An energy shock in 2022 is a harbinger for potential investment market disappointment in 2026 as the Iran war grinds on, columnist Chris Duncan writes.
The escalating war in Iran has driven oil prices to the highest level since 2022. That was not a good year for investors. Are we set for a repeat in 2026?
A sustained burst of inflation is the big fear. Markets have already moved swiftly to price out interest rate cuts. The Bank of England, having been expected to lop 50 basis points off the bank rate this year, is now seen as more likely to hike.
The two-year gilt yield has reacted accordingly, surging to 4.10% from 3.52% pre-conflict. The 10-year gilt yield has raced to 4.79%, up almost 60 basis points.
The US has fared slightly better. The US Dollar Index – having spent much of the last 12 months weakening, to the chagrin of non-dollar investors in US assets – is now trading over 100, having notched two consecutive weekly gains. Its strength amid fading expectations for rate cuts helps explain why gold, among the safe havens that have disappointed this crisis, has been such a damp squib.
That’s not to say all US assets have escaped unscathed. Treasury bonds across the curve have sold off since the war broke out, albeit to less dramatic degrees than the UK. The equity market has been relatively resilient.
The S&P 500 has fallen around 3% during the crisis, a surprisingly muted reaction given the lack of visibility over the duration of the supply disruption, one of the largest in the history of the oil market.
Strong corporate earnings and a robust US economy are said to explain the sanguine response. Yet revised figures last week revealed that the US economy grew at an annualised rate of just 0.7% in the fourth quarter of 2025, half the initial estimate.
Yes, the US Government shutdown was a significant drag. But a strong rebound this quarter may be tempered by a slowdown in consumer spending, a trend unlikely to be helped by higher pump prices.
With stocks and bonds both down – and central banks facing the spectre of stagflation, their worst-case scenario – investors in balanced portfolios could again face a painful year.
In 2022, stocks and bonds famously moved in lockstep, with one key measure of correlation between those asset classes hitting 0.92 (with +1 indicating a perfect positive correlation). Today, that measure is even higher.[1]
How bad things get from here is contingent on how long the disruption persists. Iran’s Supreme Leader Mojtaba Khamenei says he wants to keep the Strait of Hormuz closed.
US strikes on military sites on Kharg Island, Iran’s vital oil export hub, have not eased tensions.

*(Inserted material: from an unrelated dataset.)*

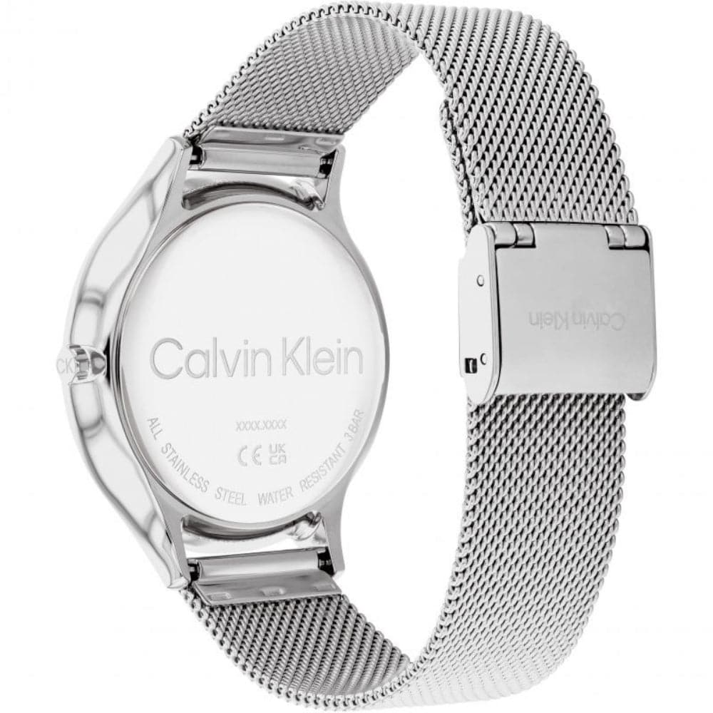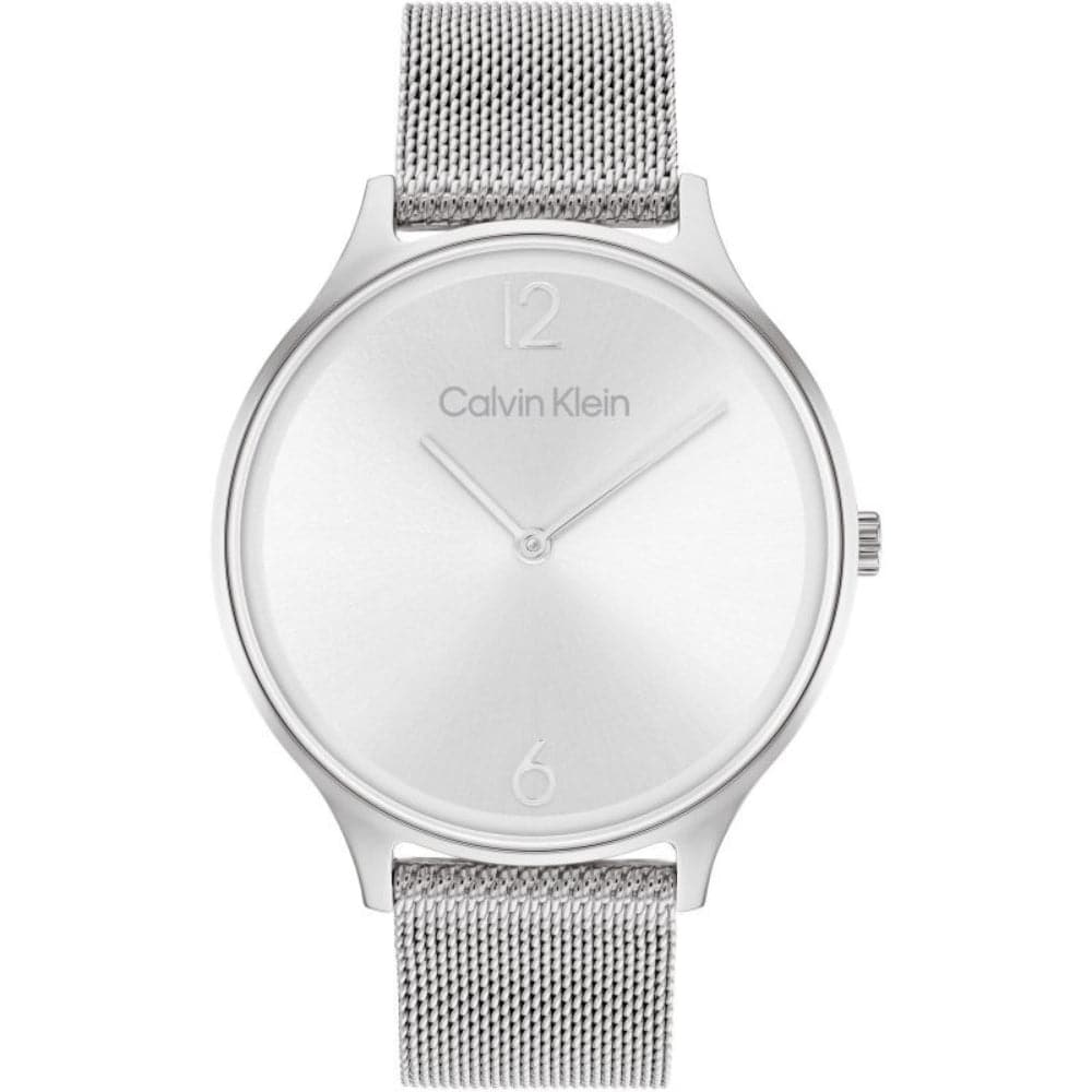 Women’s watch from Calvin Klein. Featuring a 38MM stainless steel case, silver sunray dial and stainless steel mesh bracelet.

Analysts at JPMorgan say a strike on Kharg’s oil sites “would immediately halt the bulk of Iran’s crude exports, likely triggering severe retaliation in the Strait of Hormuz or against regional energy infrastructure”.
If major damage is inflicted on that infrastructure, it will increase the duration of the spikes in oil and gas prices, resulting in higher global inflation.
The glass-half-full argument is that there are key differences between now and 2022. US interest rates were near zero in March that year, when US CPI was 8.6% (and Brent Crude traded above $125).
Today, the Fed’s policy rate is 3.5%-3.75% and US CPI is 2.4%. Though US markets have scrubbed out interest rate cuts – now not expected until late 2026 at the earliest – long-term inflation expectations remain sub-3%. Yields are far higher than they were in 2022. Covid, unlike then, is a distance memory.
Even so, the conflict has disrupted some of the trades that had been working well earlier in the year. Many investors had positioned for a weaker dollar and stronger emerging markets. The dollar’s sudden rebound has complicated those bets, particularly as rising energy import costs place additional pressure on developing economies, now essentially unable to cut interest rates.
Meanwhile markets like South Korea, home to chip juggernauts Samsung and SK Hynix, have had wild rides, with the KOSPI plummeting 12% in one day in early March, its biggest drop in history.
It could get much worse. With traditional safe havens offering limited protection, strategists have floated an array of alternatives, ranging from Chinese equities to uranium.
Asset managers like Invesco argue investors should hedge risk by increasing exposure not only to oil and gas, but to other commodities transported through the Strait of Hormuz, like aluminium and grains. Yet portfolio managers with less flexible mandates say there is little they can do, beyond reducing risk and waiting for greater clarity.
Geopolitical shocks can quickly fade, and stock markets have delivered positive years after major conflicts.
But if energy prices spike higher or remain elevated for months rather than weeks, this crisis may again emphasise the lesson learned in 2022: higher inflation means traditional portfolio diversification offers less protection than investors expect.